(Data Opens)

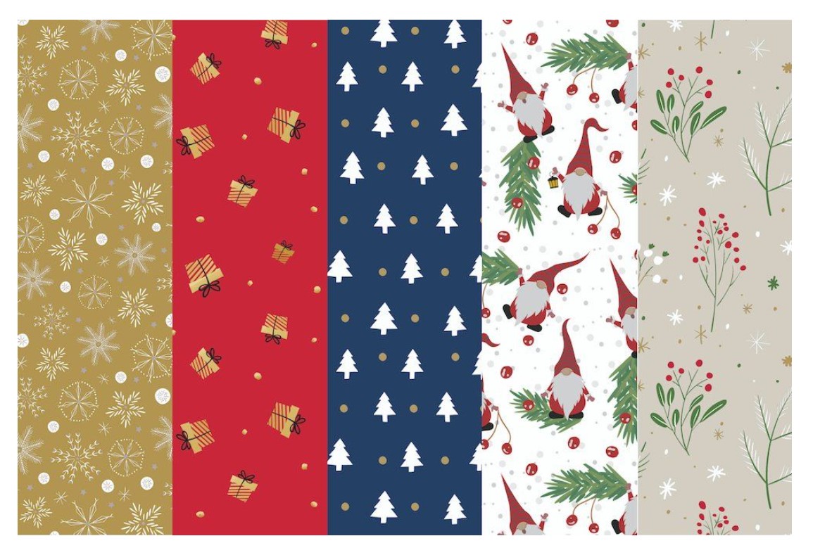 Värikkäät joulupaperit joululahjojen paketoimiseen ja joulunajan askarteluihin.
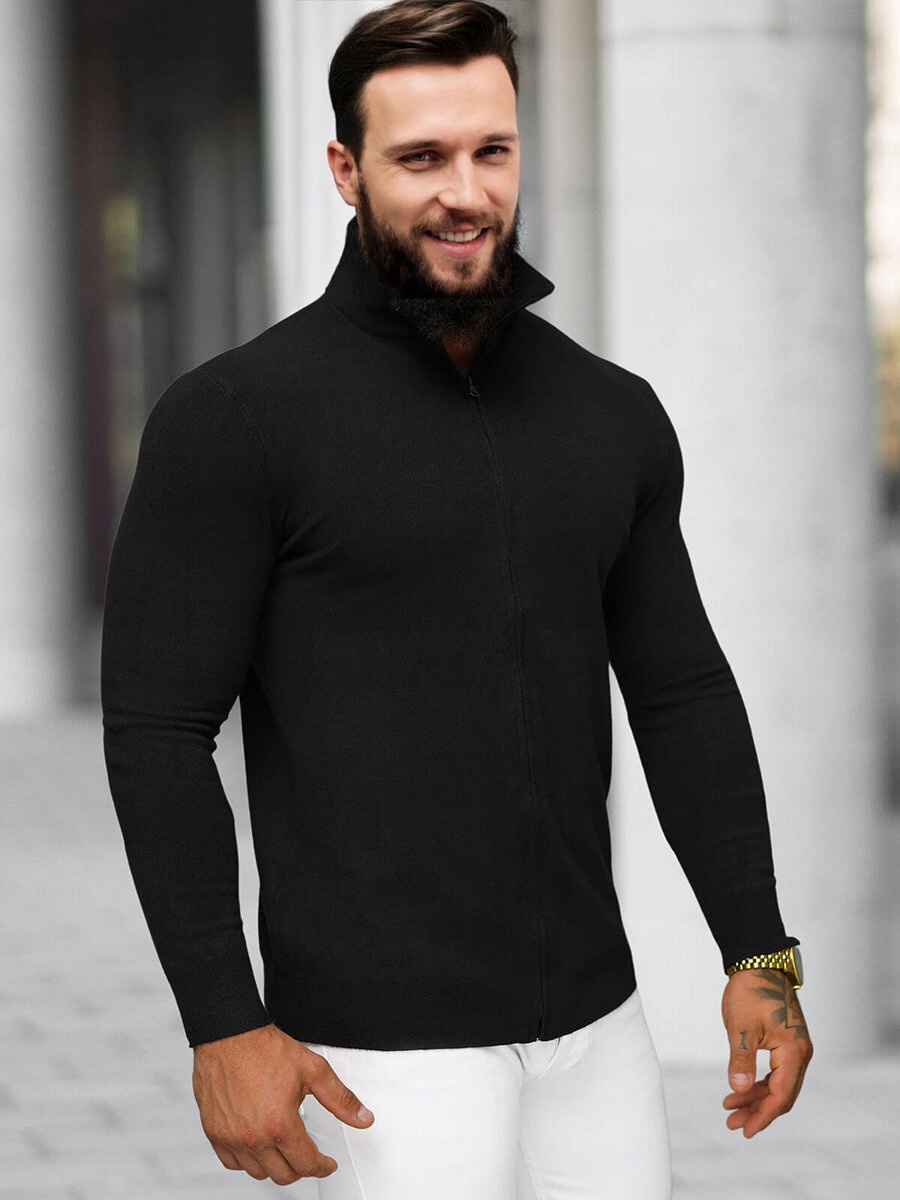 СВЕТРИК ЧОЛОВІЧИЙ ЧОРНИЙ - СВЕТР РОЗСТІБНИЙ - КОМІР НАПІВГОЛЬФ - ЗАМОК
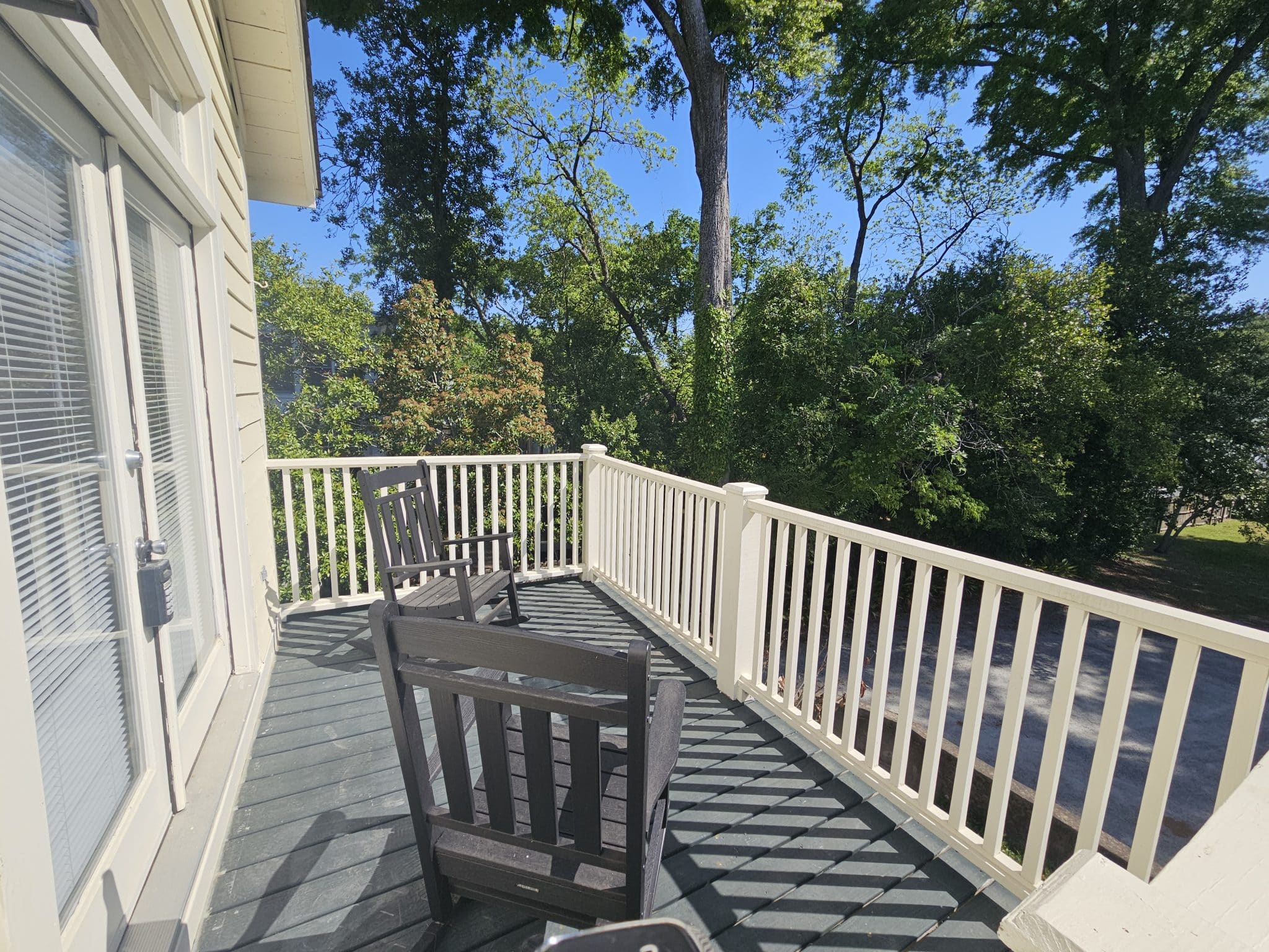 Historic Downtown Wilmington! Renovated 1800’s house with cute galley kitchen and stainless steel appliances. Brand new closet with built in shelving off the living area. Spacious deck overlooks the trees.
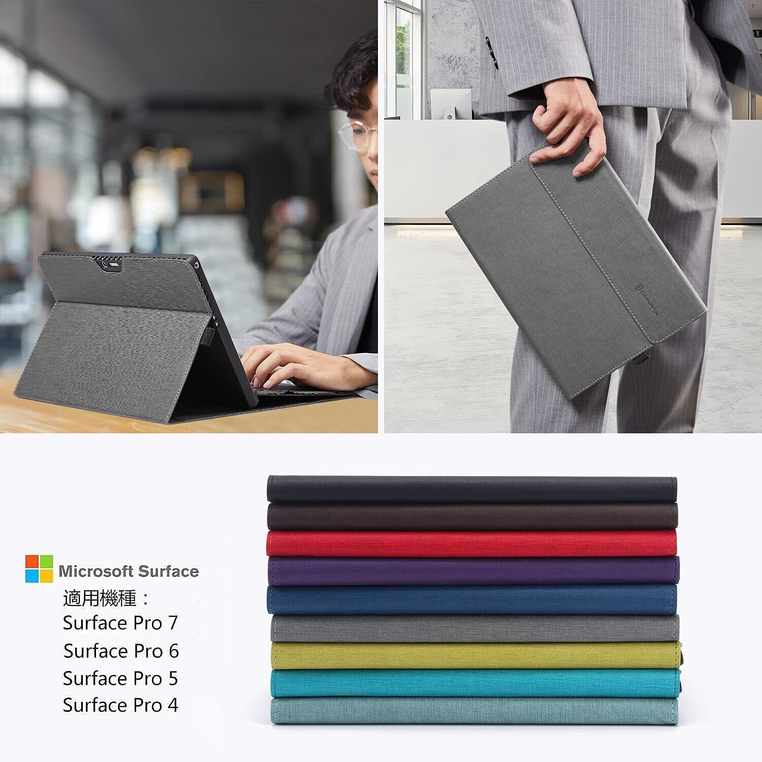 Omnpak Microsoft Surface Pro 7+/ 7/ 6 / 5 / 4 対応 ケース 表面内蔵保護カバー |多視角スタンド |超薄型 |ペンホルダー付き|高耐久PU |吸着カバー
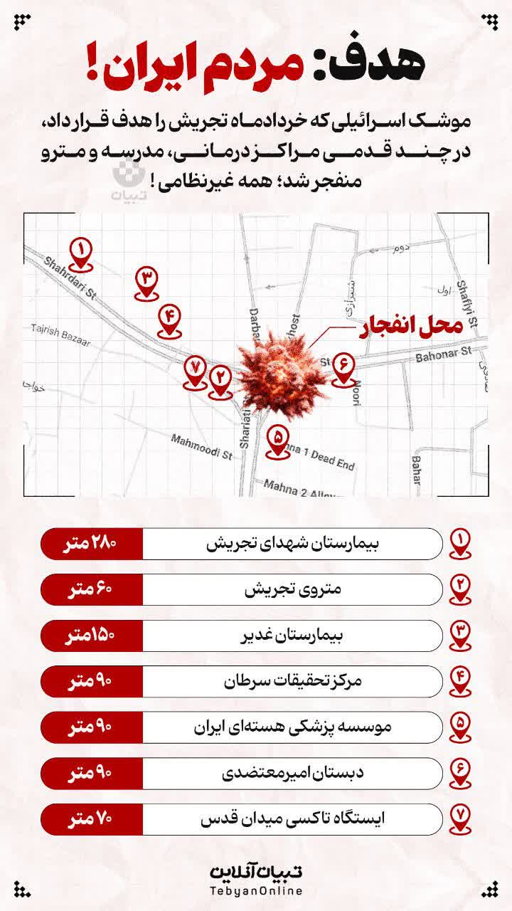 موشک اسرائیلی که خردادماه تجریش را هدف قرار داد، در چند قدمی مراکز درمانی، مدرسه و مترو منفجر شد؛ همه غیرنظامی!
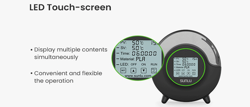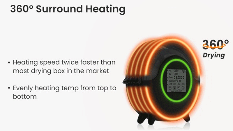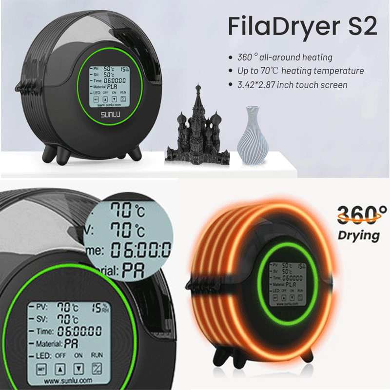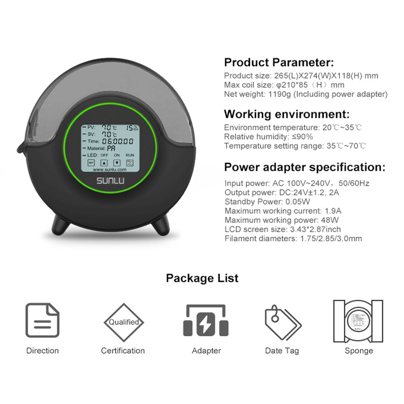Нить Можно печатать во время сушки Через это отверстие, и влага, полученная от сушки, может быть удалена одновременно. Для нити 1,75 мм/2,85 мм/3,0 мм.
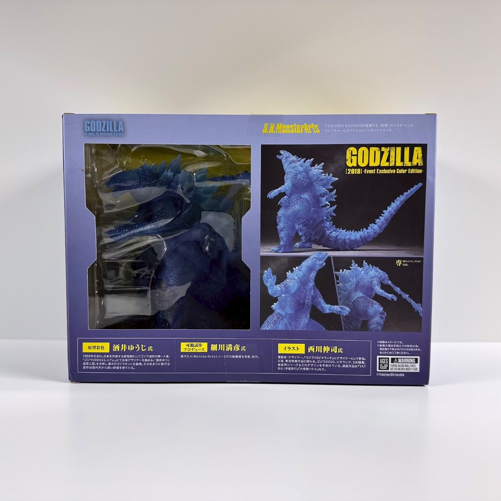 Bandai SH MonsterArts Godzilla 2019 Event Exclusive Color (Clear Blue) Edition NEW Sealed MISB. Brand NEW & Factory Sealed. Comes with original brown mailer box. Mailer box has dent. Will be shipped in another box for protection. Please see photos as they are part of the description. All reasonable offers will be considered. I have a lot of other Godzilla items & offer combined shipping. If you have any questions please send me a message. Thank you for looking!
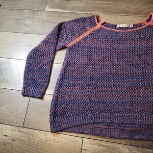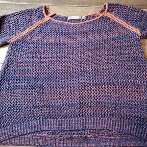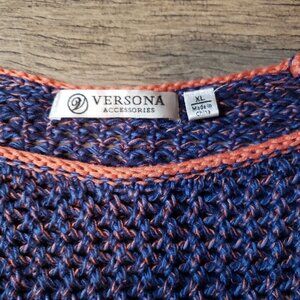 Versona Sweater Loose Knit Pullover - 100% Acrylic loose fit, boatneck pullover is perfect to layer over a cami/tank top. Pretty Blue with Neon Orange accent trim. Size XL Measurements taken with the garment laying flat. 22" across the chest / 21" in length
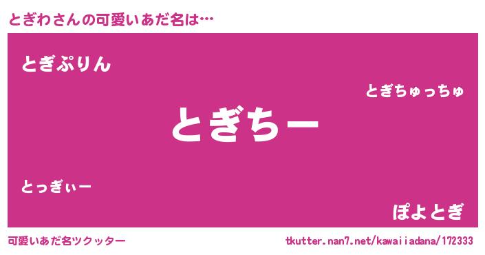 | ポケモン風あだ名 | 『トギワダネ』『トギキング』 |
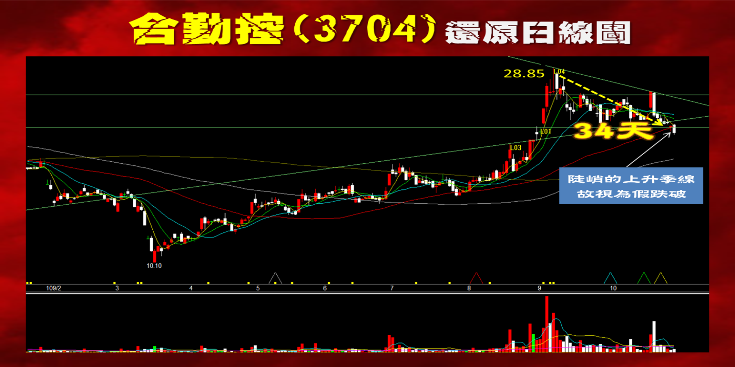 而三十四天轉折日那天收紅K,故要想直上的話,紅K不算轉折要見黑才行,於是隔日十月二十九日確實演出破半年線手法的黑K,如此才有否極泰來的機會。
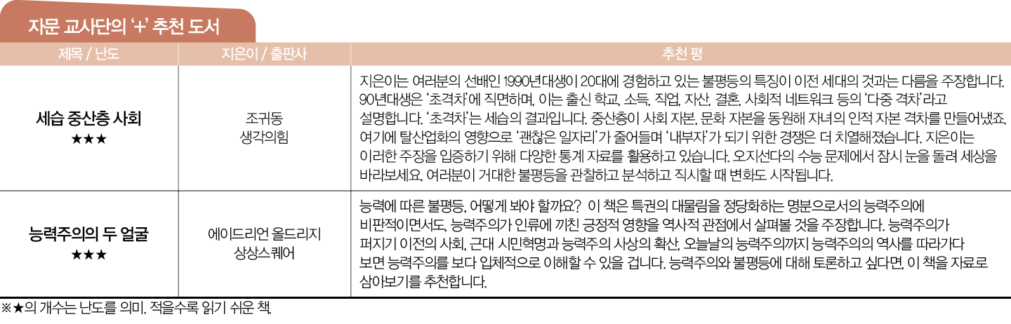 이 책은 특히 ‘현상’에 매몰되기 쉬운 사회 문제의 본질에 다가가는 법을 알려준다. 관심 분야 사회 문제를 깊이 들여다보거나 코로나19가 불평등을 어떻게 심화했는지 분석·토론해보는 활동으로 이어간다면 사회를 바라보는 깊은 시각을 얻을 수 있을 것이다.
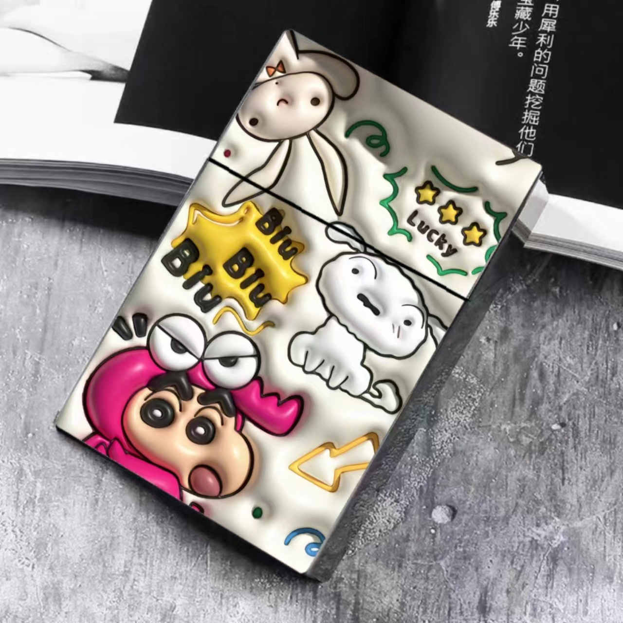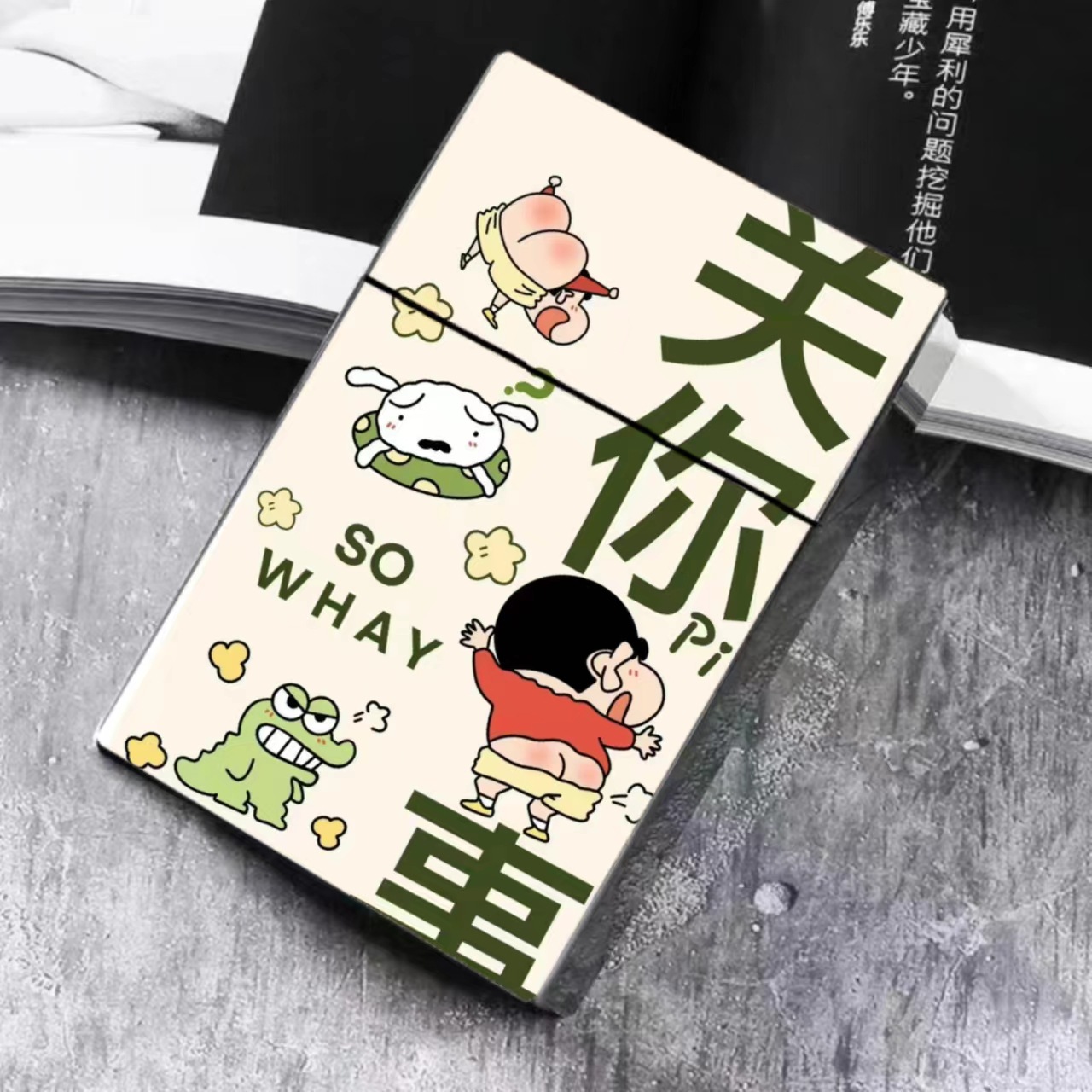 卡通小新收纳盒 20支粗支烟盒按压自动弹塑料盒支持抖音面单代发

(Data Closes)

#### [What needs to be done]
The reply has to reproduce every line above verbatim and contain no pictures.

#### [Answer below]
 Värikkäät joulupaperit joululahjojen paketoimiseen ja joulunajan askarteluihin.
 СВЕТРИК ЧОЛОВІЧИЙ ЧОРНИЙ - СВЕТР РОЗСТІБНИЙ - КОМІР НАПІВГОЛЬФ - ЗАМОК
 Historic Downtown Wilmington! Renovated 1800’s house with cute galley kitchen and stainless steel appliances. Brand new closet with built in shelving off the living area. Spacious deck overlooks the trees.
 Omnpak Microsoft Surface Pro 7+/ 7/ 6 / 5 / 4 対応 ケース 表面内蔵保護カバー |多視角スタンド |超薄型 |ペンホルダー付き|高耐久PU |吸着カバー
 موشک اسرائیلی که خردادماه تجریش را هدف قرار داد، در چند قدمی مراکز درمانی، مدرسه و مترو منفجر شد؛ همه غیرنظامی!
Нить Можно печатать во время сушки Через это отверстие, и влага, полученная от сушки, может быть удалена одновременно. Для нити 1,75 мм/2,85 мм/3,0 мм.
 Bandai SH MonsterArts Godzilla 2019 Event Exclusive Color (Clear Blue) Edition NEW Sealed MISB. Brand NEW & Factory Sealed. Comes with original brown mailer box. Mailer box has dent. Will be shipped in another box for protection. Please see photos as they are part of the description. All reasonable offers will be considered. I have a lot of other Godzilla items & offer combined shipping. If you have any questions please send me a message. Thank you for looking!
 Versona Sweater Loose Knit Pullover - 100% Acrylic loose fit, boatneck pullover is perfect to layer over a cami/tank top. Pretty Blue with Neon Orange accent trim. Size XL Measurements taken with the garment laying flat. 22" across the chest / 21" in length
 | ポケモン風あだ名 | 『トギワダネ』『トギキング』 |
 而三十四天轉折日那天收紅K,故要想直上的話,紅K不算轉折要見黑才行,於是隔日十月二十九日確實演出破半年線手法的黑K,如此才有否極泰來的機會。
 이 책은 특히 ‘현상’에 매몰되기 쉬운 사회 문제의 본질에 다가가는 법을 알려준다. 관심 분야 사회 문제를 깊이 들여다보거나 코로나19가 불평등을 어떻게 심화했는지 분석·토론해보는 활동으로 이어간다면 사회를 바라보는 깊은 시각을 얻을 수 있을 것이다.
 卡通小新收纳盒 20支粗支烟盒按压自动弹塑料盒支持抖音面单代发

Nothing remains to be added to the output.